The bigger problem is getting to the table, in my experience:
http://www.p-ced.com/1/node/362
This is a great idea Richard and I would support it all the way, but it does not go far enough. We need is to invest in green manufacturing. We should recover from Asia the manufacturing industries we have passed over to them in the last thirty years and start making these products ourselves again. After all we invented most of them.
We should redesign them to be long lasting and repairable instead of throw away, and use renewable energy and renewable materials and recycled materials as far as possible in the manufacture
This is the only long term solution to a sustainable prosperous life style us us all.

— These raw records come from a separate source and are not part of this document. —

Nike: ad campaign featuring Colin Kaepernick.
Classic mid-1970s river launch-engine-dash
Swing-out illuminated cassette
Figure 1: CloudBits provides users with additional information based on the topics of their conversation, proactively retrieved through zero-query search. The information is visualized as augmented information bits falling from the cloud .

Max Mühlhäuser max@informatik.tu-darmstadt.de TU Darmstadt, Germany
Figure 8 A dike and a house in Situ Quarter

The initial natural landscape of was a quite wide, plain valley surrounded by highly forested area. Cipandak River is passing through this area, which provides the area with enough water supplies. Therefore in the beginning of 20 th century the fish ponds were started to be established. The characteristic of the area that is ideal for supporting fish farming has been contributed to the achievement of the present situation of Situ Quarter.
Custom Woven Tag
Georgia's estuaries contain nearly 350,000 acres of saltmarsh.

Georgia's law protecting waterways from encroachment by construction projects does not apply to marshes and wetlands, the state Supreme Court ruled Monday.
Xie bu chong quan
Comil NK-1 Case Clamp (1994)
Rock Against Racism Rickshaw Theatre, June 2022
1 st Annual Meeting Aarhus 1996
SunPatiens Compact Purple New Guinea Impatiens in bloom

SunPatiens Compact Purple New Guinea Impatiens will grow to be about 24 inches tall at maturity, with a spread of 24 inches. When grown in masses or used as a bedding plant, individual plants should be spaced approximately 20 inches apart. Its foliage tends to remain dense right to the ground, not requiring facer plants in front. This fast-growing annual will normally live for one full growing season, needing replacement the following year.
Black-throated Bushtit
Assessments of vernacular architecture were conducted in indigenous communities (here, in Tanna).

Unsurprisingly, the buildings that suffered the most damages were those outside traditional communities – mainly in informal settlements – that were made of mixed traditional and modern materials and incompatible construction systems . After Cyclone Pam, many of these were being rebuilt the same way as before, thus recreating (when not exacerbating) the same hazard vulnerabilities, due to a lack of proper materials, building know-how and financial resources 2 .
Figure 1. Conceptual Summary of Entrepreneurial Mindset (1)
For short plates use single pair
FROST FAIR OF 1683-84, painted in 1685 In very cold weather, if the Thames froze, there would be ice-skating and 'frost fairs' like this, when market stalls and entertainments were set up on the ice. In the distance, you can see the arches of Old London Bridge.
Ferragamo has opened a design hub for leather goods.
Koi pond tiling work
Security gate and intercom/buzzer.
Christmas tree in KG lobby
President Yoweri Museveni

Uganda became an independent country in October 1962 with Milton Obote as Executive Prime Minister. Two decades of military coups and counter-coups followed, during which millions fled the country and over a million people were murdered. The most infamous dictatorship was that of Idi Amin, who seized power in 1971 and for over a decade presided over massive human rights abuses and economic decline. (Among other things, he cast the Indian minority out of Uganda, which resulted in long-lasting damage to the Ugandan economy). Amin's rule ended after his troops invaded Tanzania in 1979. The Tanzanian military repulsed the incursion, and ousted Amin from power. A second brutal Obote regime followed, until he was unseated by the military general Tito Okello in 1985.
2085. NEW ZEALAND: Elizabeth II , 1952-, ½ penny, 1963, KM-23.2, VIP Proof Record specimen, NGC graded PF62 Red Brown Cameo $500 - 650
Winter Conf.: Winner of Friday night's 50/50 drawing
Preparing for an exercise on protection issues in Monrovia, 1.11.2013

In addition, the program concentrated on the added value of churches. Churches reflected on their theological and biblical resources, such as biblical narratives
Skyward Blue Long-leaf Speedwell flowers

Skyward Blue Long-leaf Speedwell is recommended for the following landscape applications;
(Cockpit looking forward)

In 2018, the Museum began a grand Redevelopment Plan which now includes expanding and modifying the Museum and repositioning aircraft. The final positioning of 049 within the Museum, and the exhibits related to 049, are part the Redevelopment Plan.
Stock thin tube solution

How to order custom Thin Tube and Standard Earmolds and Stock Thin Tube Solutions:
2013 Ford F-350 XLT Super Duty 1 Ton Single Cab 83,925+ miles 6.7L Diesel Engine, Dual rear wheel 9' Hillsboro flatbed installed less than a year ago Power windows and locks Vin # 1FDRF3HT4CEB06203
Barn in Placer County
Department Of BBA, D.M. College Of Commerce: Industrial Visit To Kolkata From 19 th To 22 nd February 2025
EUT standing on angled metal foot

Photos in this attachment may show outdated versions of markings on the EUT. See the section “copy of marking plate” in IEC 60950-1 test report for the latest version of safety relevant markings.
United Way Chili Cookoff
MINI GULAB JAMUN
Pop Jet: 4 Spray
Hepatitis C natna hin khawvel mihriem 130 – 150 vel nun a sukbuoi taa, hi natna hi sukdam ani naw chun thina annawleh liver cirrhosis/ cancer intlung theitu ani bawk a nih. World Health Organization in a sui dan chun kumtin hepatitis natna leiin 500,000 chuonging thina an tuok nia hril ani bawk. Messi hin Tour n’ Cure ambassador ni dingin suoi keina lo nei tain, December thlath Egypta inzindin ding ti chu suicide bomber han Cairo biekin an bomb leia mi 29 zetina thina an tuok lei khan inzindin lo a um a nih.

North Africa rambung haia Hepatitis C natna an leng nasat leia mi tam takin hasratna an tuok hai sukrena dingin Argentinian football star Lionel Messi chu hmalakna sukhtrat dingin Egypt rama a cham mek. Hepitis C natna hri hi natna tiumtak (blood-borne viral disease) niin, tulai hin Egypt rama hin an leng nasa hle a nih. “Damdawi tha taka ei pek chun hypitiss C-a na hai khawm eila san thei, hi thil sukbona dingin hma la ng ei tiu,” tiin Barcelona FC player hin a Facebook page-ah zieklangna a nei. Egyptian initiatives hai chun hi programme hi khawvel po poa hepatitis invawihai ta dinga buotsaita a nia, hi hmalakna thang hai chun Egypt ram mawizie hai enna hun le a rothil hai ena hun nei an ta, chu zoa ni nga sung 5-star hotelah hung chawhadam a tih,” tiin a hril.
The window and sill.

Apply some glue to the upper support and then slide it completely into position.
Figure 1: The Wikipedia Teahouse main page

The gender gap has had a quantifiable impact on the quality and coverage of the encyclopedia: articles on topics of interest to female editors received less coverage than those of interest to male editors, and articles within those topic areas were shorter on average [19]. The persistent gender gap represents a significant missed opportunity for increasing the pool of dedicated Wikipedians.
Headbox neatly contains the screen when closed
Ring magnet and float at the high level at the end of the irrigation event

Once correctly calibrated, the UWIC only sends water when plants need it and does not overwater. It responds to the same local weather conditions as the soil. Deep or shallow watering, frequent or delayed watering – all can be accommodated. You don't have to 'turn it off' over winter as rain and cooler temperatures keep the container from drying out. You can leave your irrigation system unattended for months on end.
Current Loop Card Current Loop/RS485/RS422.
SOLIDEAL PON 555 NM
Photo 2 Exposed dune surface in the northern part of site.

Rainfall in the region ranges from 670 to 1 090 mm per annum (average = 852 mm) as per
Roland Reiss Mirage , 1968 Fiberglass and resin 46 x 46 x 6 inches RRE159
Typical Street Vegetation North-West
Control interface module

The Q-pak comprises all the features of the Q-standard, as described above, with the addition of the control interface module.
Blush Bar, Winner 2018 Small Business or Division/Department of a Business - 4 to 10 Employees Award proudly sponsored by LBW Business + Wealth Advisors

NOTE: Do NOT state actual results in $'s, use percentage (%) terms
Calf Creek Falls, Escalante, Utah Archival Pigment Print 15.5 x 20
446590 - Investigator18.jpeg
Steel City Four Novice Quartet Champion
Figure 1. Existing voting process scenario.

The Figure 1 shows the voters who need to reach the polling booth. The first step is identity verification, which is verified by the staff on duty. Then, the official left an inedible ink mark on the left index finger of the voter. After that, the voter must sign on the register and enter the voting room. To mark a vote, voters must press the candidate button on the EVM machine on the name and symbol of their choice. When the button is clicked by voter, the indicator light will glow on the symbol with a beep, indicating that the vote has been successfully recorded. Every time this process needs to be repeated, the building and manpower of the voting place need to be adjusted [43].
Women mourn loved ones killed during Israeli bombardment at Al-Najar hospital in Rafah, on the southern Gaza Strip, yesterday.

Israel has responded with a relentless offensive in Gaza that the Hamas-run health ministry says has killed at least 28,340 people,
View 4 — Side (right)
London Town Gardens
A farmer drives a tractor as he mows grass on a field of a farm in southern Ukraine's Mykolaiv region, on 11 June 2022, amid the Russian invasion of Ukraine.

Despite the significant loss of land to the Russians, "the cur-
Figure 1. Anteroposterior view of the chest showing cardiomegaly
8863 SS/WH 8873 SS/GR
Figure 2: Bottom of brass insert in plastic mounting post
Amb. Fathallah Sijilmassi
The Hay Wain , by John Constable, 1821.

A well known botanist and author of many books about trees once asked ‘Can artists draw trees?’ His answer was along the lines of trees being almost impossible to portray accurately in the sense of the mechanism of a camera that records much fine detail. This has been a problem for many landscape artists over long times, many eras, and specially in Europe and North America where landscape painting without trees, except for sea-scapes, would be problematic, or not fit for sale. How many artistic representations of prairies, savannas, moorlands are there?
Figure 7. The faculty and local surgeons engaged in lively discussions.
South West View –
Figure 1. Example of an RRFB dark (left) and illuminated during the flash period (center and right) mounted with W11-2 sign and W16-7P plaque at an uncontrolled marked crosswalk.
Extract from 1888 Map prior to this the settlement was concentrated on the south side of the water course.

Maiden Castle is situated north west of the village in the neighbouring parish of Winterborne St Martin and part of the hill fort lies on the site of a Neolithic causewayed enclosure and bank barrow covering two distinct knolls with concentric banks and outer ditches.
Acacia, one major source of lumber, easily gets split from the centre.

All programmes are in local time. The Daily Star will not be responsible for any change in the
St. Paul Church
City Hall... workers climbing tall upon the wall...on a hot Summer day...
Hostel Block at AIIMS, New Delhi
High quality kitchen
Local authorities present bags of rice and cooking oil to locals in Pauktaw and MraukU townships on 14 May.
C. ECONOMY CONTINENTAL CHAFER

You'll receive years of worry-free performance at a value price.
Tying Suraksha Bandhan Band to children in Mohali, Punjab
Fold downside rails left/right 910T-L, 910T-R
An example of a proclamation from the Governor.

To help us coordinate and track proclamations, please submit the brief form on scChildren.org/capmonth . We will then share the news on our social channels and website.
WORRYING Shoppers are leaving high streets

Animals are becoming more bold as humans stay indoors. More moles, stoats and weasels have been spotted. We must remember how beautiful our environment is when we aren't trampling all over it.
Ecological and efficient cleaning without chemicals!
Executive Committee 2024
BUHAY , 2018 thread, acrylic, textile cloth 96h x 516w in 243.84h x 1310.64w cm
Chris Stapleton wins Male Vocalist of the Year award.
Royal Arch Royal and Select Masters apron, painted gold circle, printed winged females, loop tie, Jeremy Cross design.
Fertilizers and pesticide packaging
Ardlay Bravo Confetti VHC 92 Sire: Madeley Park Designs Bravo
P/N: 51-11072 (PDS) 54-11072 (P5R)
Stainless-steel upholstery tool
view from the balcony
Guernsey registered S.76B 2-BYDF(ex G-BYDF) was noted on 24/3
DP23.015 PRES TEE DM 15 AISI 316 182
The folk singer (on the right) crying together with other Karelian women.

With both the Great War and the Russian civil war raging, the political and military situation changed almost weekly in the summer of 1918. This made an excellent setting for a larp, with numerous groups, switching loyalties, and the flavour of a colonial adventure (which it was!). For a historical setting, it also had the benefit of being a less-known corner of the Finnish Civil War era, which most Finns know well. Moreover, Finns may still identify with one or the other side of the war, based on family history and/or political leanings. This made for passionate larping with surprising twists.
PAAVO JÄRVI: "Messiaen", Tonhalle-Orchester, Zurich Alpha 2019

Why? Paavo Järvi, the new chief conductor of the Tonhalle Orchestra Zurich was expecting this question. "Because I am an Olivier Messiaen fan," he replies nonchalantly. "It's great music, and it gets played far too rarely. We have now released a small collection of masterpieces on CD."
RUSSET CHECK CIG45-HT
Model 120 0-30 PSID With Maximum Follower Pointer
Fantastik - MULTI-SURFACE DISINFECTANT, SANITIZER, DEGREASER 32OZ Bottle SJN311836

It would create lots of skilled jobs, cut our import costs and reduce the huge pollution problem being caused by shipping goods ten thousand miles form Asia
I would expect a Green Investment Bank to want to fund such things with Green QE capital
Or do it in collaboration, not competition, with the “Asians”, who have the expertise in the manufacture and logistics these days, and who need to make as big a contribution, ultimately, to de-carbonisation in a future sustainable world economy, as everyone else.
International transportation of mass-produced goods will certainly be impossibly expensive in the future; but that won’t have a necessarily enormous effect on, say, China, if its population increases its demand. So the demand can only be met there, and here, with long-lasting goods, made from recycled materials as you say – and most waste takes place in manufacturing, with only about 3% derived from “end-users”. So we need to democratise mass-production – profitability is a ludicrous criterion in the end-game of the profits-first civilisation.
We can’t “save” the planet – it doesn’t care if we survive or not, and it’ll react as it will to the changes we effect. But as far as human life is concerned, if we can’t plan it, just won’t stay on the planet; not organising ourselves as we do today.
Bob Drysdale
This is so true. We are actually encouraging the importation of machines that have a plug that cannot, safely, be entered. Why?
Well, you can’t change the fuse can you? Oncee it blows you throw the whole radio/toaster/microwave away & buy another one, rather than just replacing the fuse.
Its like that silly Ms Klass – £2m won’t buy you a garage in London these days.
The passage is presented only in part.